Among the people who were prominent as pianists and composers in that day, especially in Poland, where Chopin was born, were Alois Tausig, a pupil of Thalberg and Josef Wieniawski, who was the teacher of the “Lion of Pianists,” Ignace Jan Paderewski.
Around Paris gathered many pianists among whom were Ignace Leybach an organist and composer at Toulouse, Henry Charles Litolff the famous publisher, Louis Moreau Gottschalk, American pianist and the author of The Last Hope, and Eugene Ketterer. The following, with many others, centered around Vienna: Joseph Löw, Theodore Kullak, Louis Köhler, Gustav Lange and Louis Brassin.
Dashing Playing
A little later, due to the improvements of the piano, another school grew up called by some, the Bravura Pianists, because the pieces for these pianists were written to show off brilliant technic. Most of the people were flashy pianists, yet there were some very marvelous performers, for among them, Liszt himself figures and Thalberg, a Swiss, who was Liszt’s rival for piano honors.
Another set of pianists and composers was Henry Herz, Alexander Dreyschock, Emil Prudent and Adolph Henselt, a Bavarian, who was an amazingly poetic and beautiful player.
Practically all these pianists were prominent composers in their day.
About this time we see women coming into great prominence as professional pianists. The first one to interest us is Marie Felicité Denise (Moke) Pleyel, who was Miss Moke, the beloved of Berlioz and the lady whom he intended to kill but changed his mind! She was an inspiring teacher, a pupil of Herz, Moscheles and Kalkbrenner and was admired by Mendelssohn and Liszt.

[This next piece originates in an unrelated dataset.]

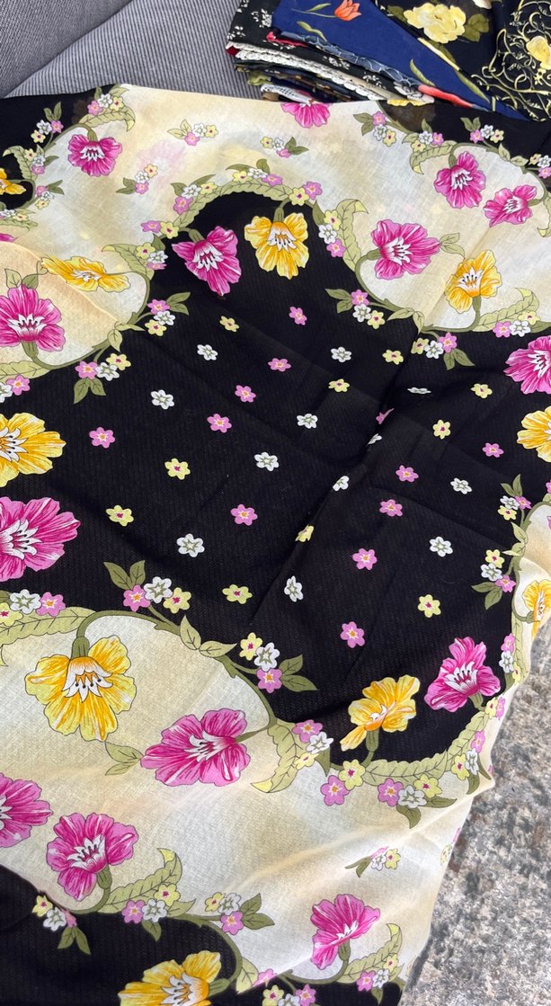 Yumuşak kumaştan, vintage çiçek desenli, karanlık çok renkli ve fırfırlı kenarlarıyla bohem tarzda kadın fuları. Hiç kullanılmamıştır sıfır

The Growth of Violin Music
The same things seem to have happened to violin playing and violin music at this time as happened to the piano. There was always the competition between writing fine, deep music and showy, spectacular music, which, when played, would please an audience. But the violin was the same then as it had been for years,—the only advance it had made was the perfecting of the bow by François Tourte, assisted by Giovanni Battista Viotti, Pugnani’s greatest pupil. We use his bow today. It has about one hundred white horsehairs, the tension of which is controlled by a screw at the nut in the finger grip. But the thing that did affect violinists and violin playing was the fact of the rise in the 19th century of the orchestra and chamber music. From the time that madrigals were first accompanied by instruments, we have heard about Chamber Music, but the string quartet in sonata form as we know it today, had as its father, Haydn, and Luigi Boccherini (1743–1805) as a godfather. The link between the Corelli School of violinists and this school was Viotti who was one of the first men to write a violin concerto in sonata form.